Symfony CMF: why, how, when (part II)
Continuing with my post from the other day I will try to answer some of the questions that seem a bit reoccurring.
The first question I want to address is why JCR?
While we were making some decisions over the summer it became clear fairly quickly that we want a clear separation of the storage and the frontend layers. One big reason there was to become database agnostic (ORM vs. ODM vs ..). But also to ease in scaling and deployment and most importantly to ease development (single server vs. cluster). So it became clear that we will need a high level API to enable such an abstraction. JCR provides us with such an API that has already been matured over a period of a decade. Furthermore it provides reference implementation for the backend, called Jackrabbit. This way we could focus on the frontend, implementing a simplified pure PHP backend, while giving power users a full featured scalable solution out of the box.
But Java, wtf!?!
Indeed JCR was born in the Java world, though mainly because day.com wanted to leverage the JCP system to develop a truly open standard. To some extend they have failed there since in the end this caused the standard to be mostly confined to the Java world, but the lack of scripting language support is something they want to remedy in the next version of the standard. Also with Jackalope we have a compatibility layer that is able to translate the deep object heavy structures common in the Java world to more agile PHP friendly structures we defined for PHPCR that make use of simpler arrays and iterators where ever possible. Furthermore Java based Lucene solutions like Solr and ElasticSearch has been taking the PHP world by storm for fulltext searching. Installing a JVM as part of a PHP project isn't as insane as it used to be. And of course the plan is to eventually provide a pure PHP backend as an alternative meaning in the end one can also run a Symfony CMF application without PHP and thanks to the standardize API it will be possible to move between different content repository implementations as needed!

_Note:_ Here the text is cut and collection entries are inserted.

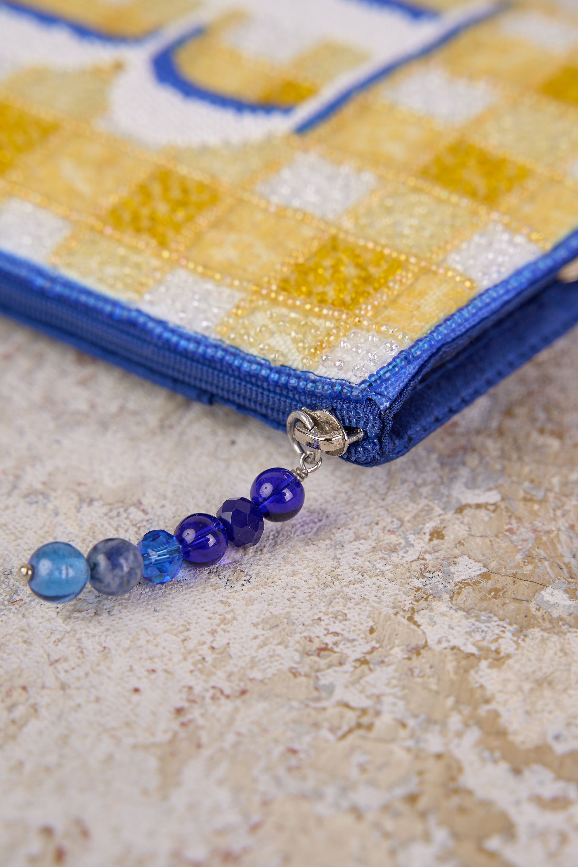 Take your cosmetics with you wherever you go in this personalised ‘R’ monogram cosmetic bag. Featuring a playful check design embellished with seed beads and sequins, add a pop of colour to your beauty regime. This bag makes a lovely personal purchase or thoughtful gift for someone special this festive season.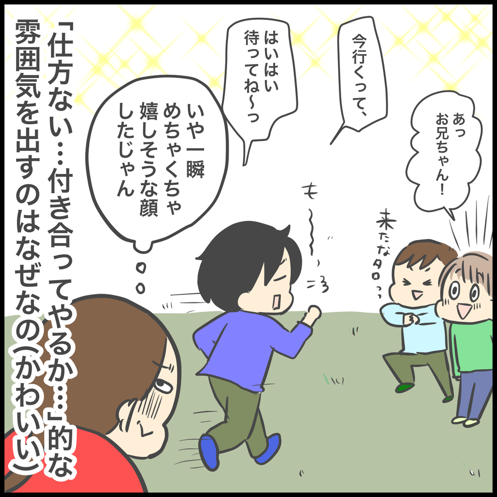 すぐに混ざりにいって三人で遊ぶので何も思ってないと思うけどね。笑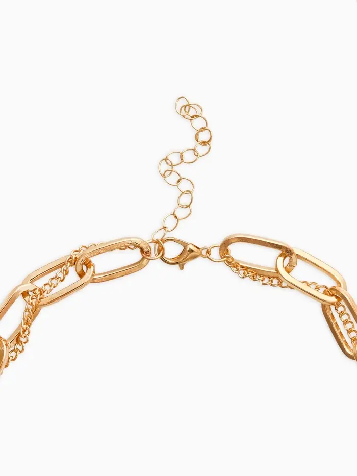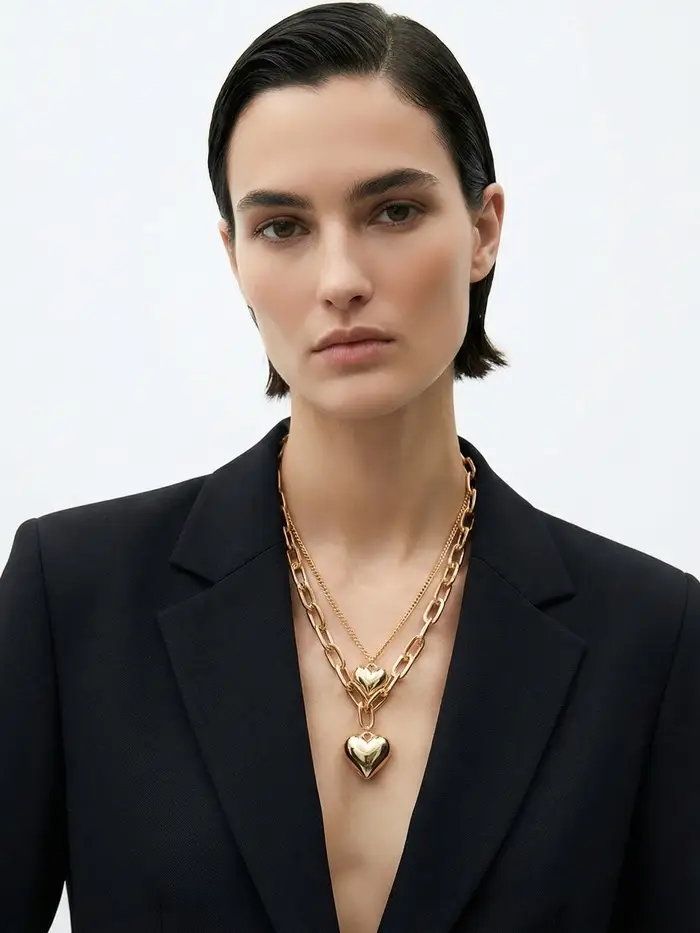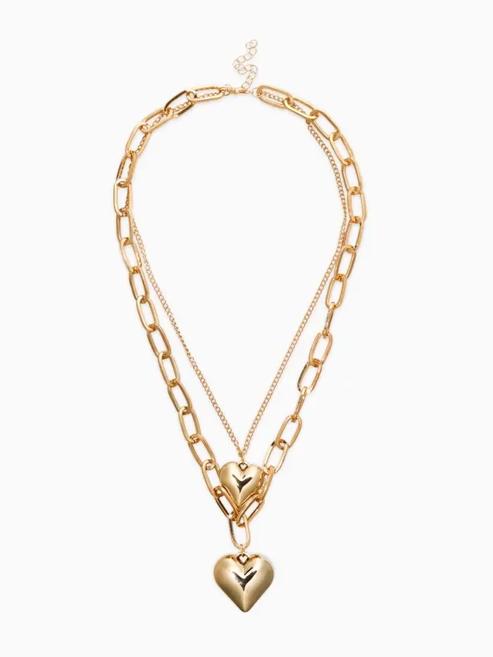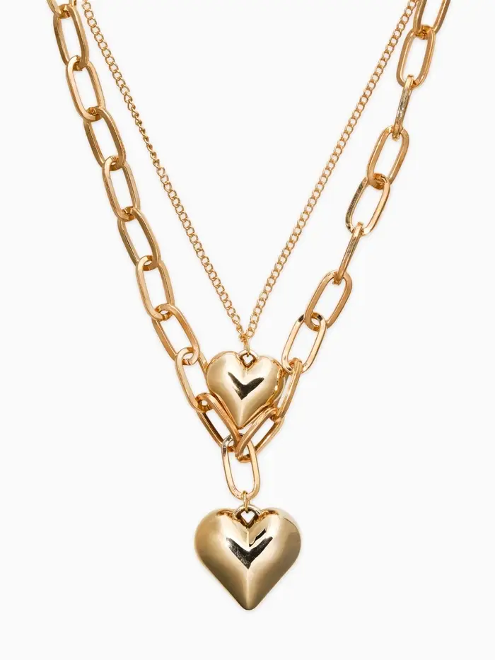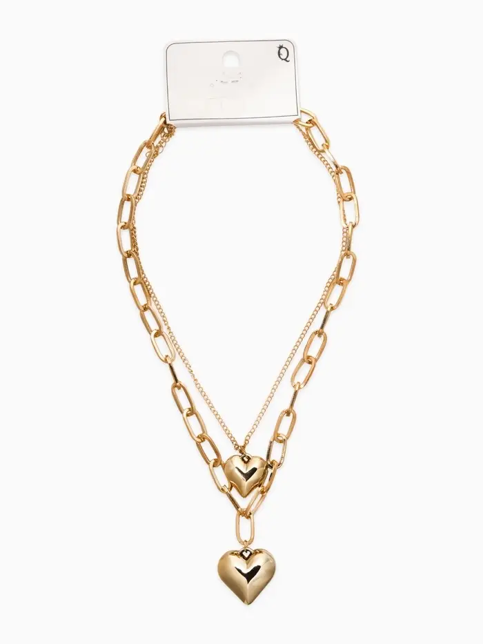 Кулон на цепочке крупное вытянутое звено 2 яруса "Сердечки", цвет золото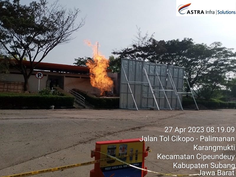 STRA Infra Toll Road Cikopo Palimanan) menyatakan hingga saat ini semburan api di rest area KM 86 B yang masih menyala.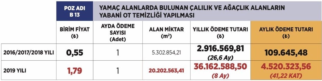 Melih Gökçek başkanlığındaki 2016, 2017, 2018 yılı ihalelerinde aylık ödeme bedeli 109 bin 645 TL iken, Ankaralılar, Yavaş’ın ihalesiyle yabani ot temizliğine 41 kat artışla her ay 4 milyon 520 bin 323 TL ödeyecek. Temizlik alanının 5 milyondan 20 milyona çıkarılmasına rağmen sürenin 26 aydan 8 aya indirilmesi, aylık ödeme tutarının ise 41 kat artırılarak 109 binden 4,5 milyona çıkarılması ihale vurgunu olarak nitelendirildi.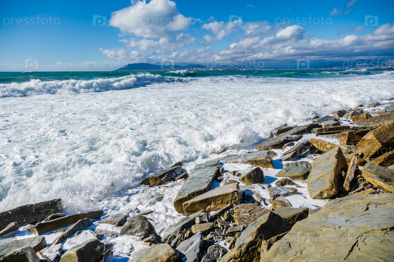 Кабардинский курорт. большие зеленые штормовые волны в белой пены прокатываются по скалистому пляжу Кабардинки. на заднем плане порт Новороссийск и Кавказские горы. крупные камни на берегу

Doesn't MongoDB/CouchDB ODM already offer all of that?
First up it should be mentioned that all of these NoSQL solutions are still very young as well. So many people will be just as hesitant to adopt for example MongoDB as they would be of any other database they have not yet used. That being said a NoSQL store does lend it self better as the storage layer of a CMS than a RDBMS. The reason being is that a CMS has very specific requirements. One of the biggest clashes with RDBMS is the need to handle mostly unstructured content. At the same time a CMS usually doesn't need reporting queries (aka GROUP BY or CUBE functions) done on its content. Bulk updates are also fairly rare. Where RDBMS are optimized for equality conditions or prefix searches, a CMS has to also excel at full text searching, which out of the box even most NoSQL solutions do not fare too well with either. As a matter of fact MongoDB clearly admits this and CouchDB uses Lucene based solutions to enable full text search. JCR takes a very similar approach to CouchDB by basically providing two search API's, one is an SQL inspired full text enabled search API, which Jackrabbit implements by integrating Lucene and a PK/traversal API. The "traversal API" is something that is very important to note, since most NoSQL solutions to not really offer anything equivalent when it comes to managing tree's or even graph's of nodes and node references. Versioning is another topic that most NoSQL solutions do not offer out of the box, but JCR provides this.
In other but related news, community contributions to PHPCR ODM have been picking up. I cleaned up the unit tests yesterday. All the while we have been looking at pull implementing child nodes, which led to big changes in how we deal with ODM metadata which now culminated in the contribution on a patch to Jackrabbit. Then yesterday a new pull was opened to add lifecycle support. Awesome!